I'm also trying to translate this one as well:

*Cezen ömür boyu sevilmek hemde sevildiğini ihiç bilmeyerek*

Still, I understand some words but I lose the meaning.
Any suggestions? 
Thanks for any response.


----------



## ukuca

First of all, "cezen" looks like a misprint. Is it "*Cezan*" or *Cezam*" ? Or something else?

Any way, I assume that it is "cezan". Then my translation would be:
*- Your sentence (punishment) will be being loved forever without even knowing that you had been loved.*

Well, it didn't sound good enough to me by the way. Any suggestions ?


----------



## MissPrudish

No actually it sounds good enough I'd say
Many thanks for the translation ukuca.


----------



## ameana7

*"Cezen ömür boyu sevilmek hemde sevildiğini ihiç bilmeyerek"*
i want to say something about the turkish grammer. the correct sentence has to be "cezaN ömür boyu sevilmek; hem DE sevildiğini HİÇ bilmeden". the "de" has to be written seperatly because it means "also". it is a common mistake in turkish.


----------



## Chazzwozzer

I really wonder where you came across this sentence, because it has horrible mistakes that a native shouldn't have done! 
*Cezan ömür boyu sevilmek, hem de sevildiğini *i*hiç bilmeyerek.*




ukuca said:


> First of all, "cezen" looks like a misprint. Is it "*Cezan*" or *Cezam*" ? Or something else?
> 
> Any way, I assume that it is "cezan". Then my translation would be:
> *- Your sentence (punishment) will be being loved forever without even knowing that you had been loved.*
> 
> Well, it didn't sound good enough to me by the way. Any suggestions ?



How about this: *Your punishment is being loved in perpetuity without knowing that you are loved.

*I have a feeling that there's still something wrong in this, what do you think about my attemp?




ameana7 said:


> *"Cezen ömür boyu sevilmek hemde sevildiğini ihiç bilmeyerek"*
> i want to say something about the turkish grammer. the correct sentence has to be "cezaN ömür boyu sevilmek; hem DE sevildiğini HİÇ bilmeden". the "de" has to be written seperatly because it means "also". it is a common mistake in turkish.
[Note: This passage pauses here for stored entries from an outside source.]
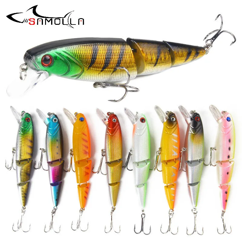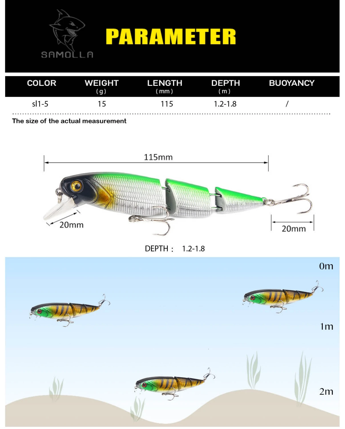 Detalles del producto: Marca: SAMOLLA Modelo de señuelo: Swimbaits Tipo de señuelo: señuelo de pesca duro Peso del señuelo: 15g Longitud del señuelo: 115mm Profundidad de buceo: 1,2-1,8 M Flotabilidad: Ganchos: equipados con ganchos anticorrosión de la marca: Ojos: ojos de pez 3D Anillos: bicíclicos Colores: colores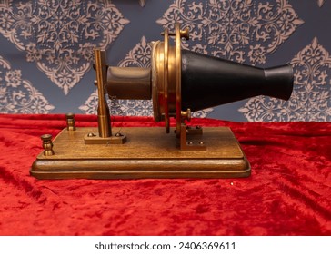 1875年の最初の実験に使われたグラハム・ベルの電話機。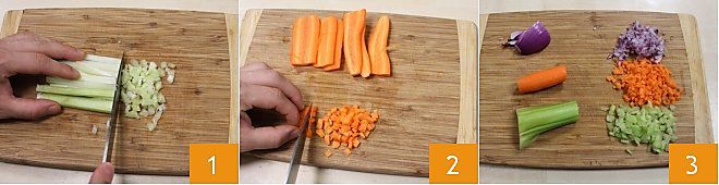 THE MIREPOIX CUT The mirepoix cut refers to the dicing of celery, onion, and carrot, a mix usually used for the preparation of soffritto. This cut is named after its creator, the Duc de Lévis-Mirepoix. Let's see how to do it. To prepare the mirepoix cut, proceed by dicing celery, carrots, and onions, obtaining the classic soffritto mix (1-2-3).
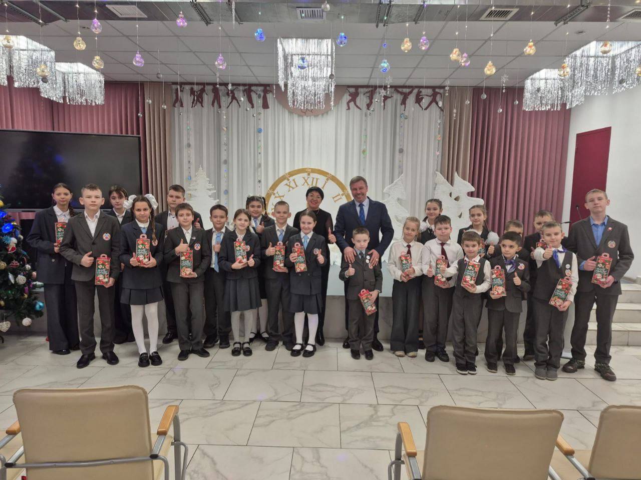 Оксана Тумко, председатель Батайской городской Думы, и Александр Симоненко, директор лицея № 10, в тёплой дружеской обстановке вручили новогодние подарки детям участников специальной военной операции.

Good point. Those who want to learn more about it should check this out.


----------



## MissPrudish

Chazzwozzer this was not written by a native, don't freak out


----------



## Chazzwozzer

Then that guy must be very good at Turkish, I'd say. It's an excellent sentence, actually.


----------



## MissPrudish

I thought you just said it was not!


----------



## Chazzwozzer

Spellingly not. Gramatically, perfect. Sounds like a real native.


----------